The original data appears unchanged at the start
Parity symbols are appended at the end

[Data1, Data2, ..., DataN, Parity1, Parity2, ..., ParityM]

This is convenient because if no errors occur, you can just read the data directly without decoding.

The Generator Polynomial

To calculate parity, we use a special "generator polynomial" G(x).

Building G(x)

The generator polynomial has roots at consecutive powers of α:

G(x) = (x - α^1)(x - α^2)(x - α^3)...(x - α^m)

where m is the number of parity symbols.

For 4 parity symbols:

G(x) = (x - α)(x - α²)(x - α³)(x - α⁴)

When expanded, this gives polynomial coefficients we can use for encoding.

Why These Roots?

The roots are chosen so that the complete codeword (data + parity) is divisible by G(x). This means evaluating the codeword polynomial at α^1, α^2, etc., gives zero.

Any corruption changes these evaluations to non-zero values, which is how errors are detected!

Computing Parity: The LFSR Method

Instead of polynomial division, we use an efficient method called a Linear Feedback Shift Register (LFSR).

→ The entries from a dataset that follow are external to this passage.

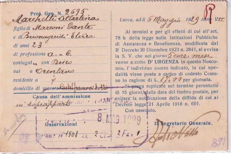 Storia postale. Cartolina Raccomandata da Lucca 2223 del 07/05/1929 a Castelfranco di Sotto 8/05/1929
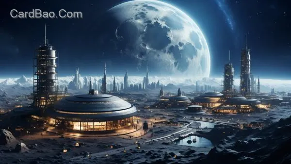 Lunar base and its ancillary structures, metallic tones, deep space background, colorful nebula, blue Earth
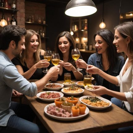 A group of friends enjoying tapas at a bustling Spanish tapas bar
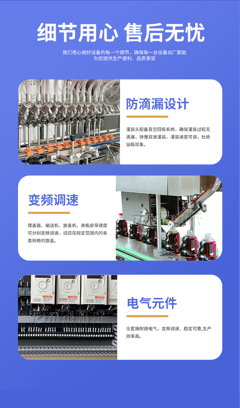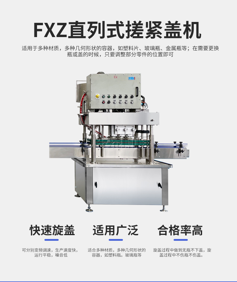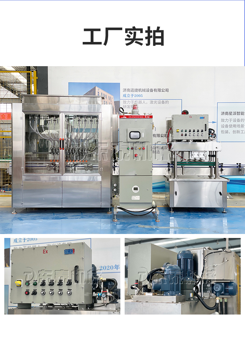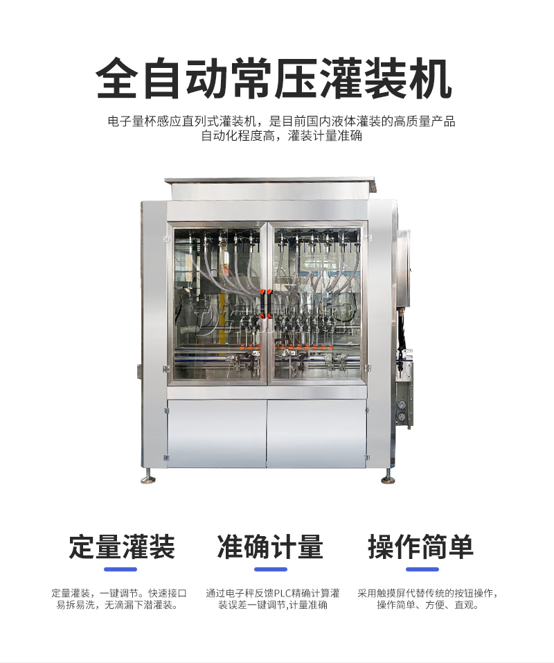 電子量杯感應直列式灌裝機,是目前國內(nèi)液體灌裝的高端產(chǎn)品,自動化程度高,灌裝計量精確,適用于塑料瓶、玻璃瓶等各種幾何形狀的瓶型的不含氣體的酒水、飲料、調(diào)味品及其他溶液的定量灌裝。機器采用觸摸屏代替?zhèn)鹘y(tǒng)的按鈕操作,操作簡單、方便、直觀?萍己扛。機器灌裝計量可通過觸摸屏對灌裝時間的調(diào)整實現(xiàn)不同計量灌裝,方便操作者使用。
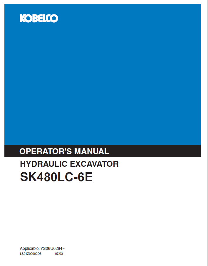 DOWNLOAD COMPLETE PDF OPERATOR MANUAL FOR KOBELCO HYDRAULIC EXCAVATOR SK480LC-6E
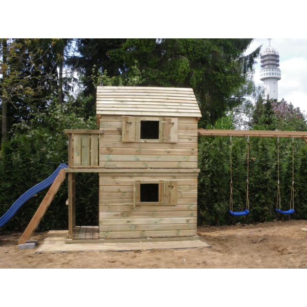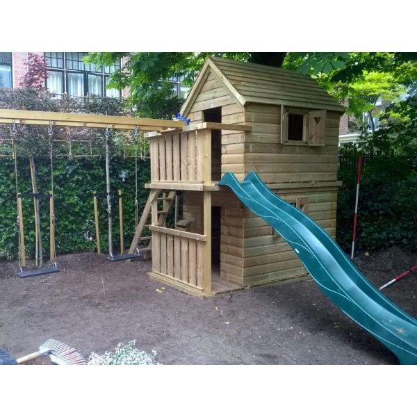 Je kunt zelf het speeltoestel uitbreiden met extra onderdelen (aanbouwschommel, klimwand etc.) of extra's (trapleuning, deur, luikjes etc.). Vergeet niet de schommelzitjes en enkele leuke accessoires mee te bestellen!
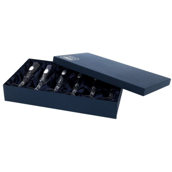 Набор состоит из шести бокалов для шампанского, выполненных из стекла высокого качества. Бокалы имеют классическую форму и тонкие ножки, что придает им легкость и изящество.
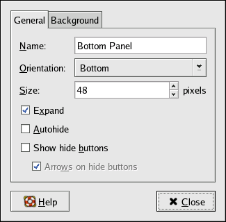 You can hide the panel automatically or manually, place it on any edge of your desktop, change its size and color, and change the way it behaves. To alter the default panel settings, right-click in an unused area of the panel and select Properties. If you choose to hide the panel, it does not appear on the desktop until you move your mouse pointer over the panel area.
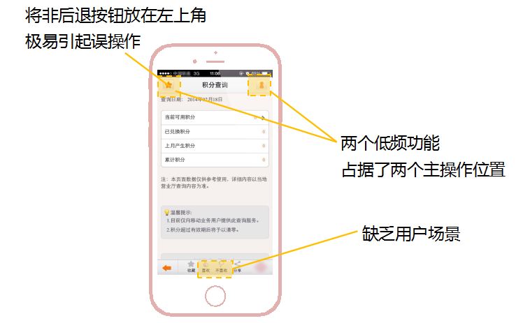 这是某电信运营商APP的积分查询页面截图。在iOS设计规范里,我们一般会把“返回”按钮放在UI标题栏的左上角。在这个案例中,本应放置返回按钮的位置(左上角)却放了一个星标,即收藏功能。

Think of it like a pipeline:

Data flows in →  [Reg0][Reg1][Reg2][Reg3]  → Feedback
                   ↑      ↑      ↑      ↑
                  tap0   tap1   tap2   tap3  (from G(x) coefficients)

Algorithm:

Initialize registers to 0
For each data codeword d:
    feedback = d XOR last_register
    Shift all registers right
    For each register position:
        register[i] XOR= feedback × G[i+1]

After all data: registers contain parity symbols

Concrete Example in GF(8)

Let's encode 3 data symbols with 2 parity symbols.

Setup:

Field: GF(8) with primitive polynomial x³ + x + 1
Data: [5, 3, 7]
Parity count: 2

Step 1: Build generator polynomial

G(x) = (x - α)(x - α²)
     = x² - (α + α²)x + α³
     = x² + 6x + 3      (in GF(8), subtraction = addition)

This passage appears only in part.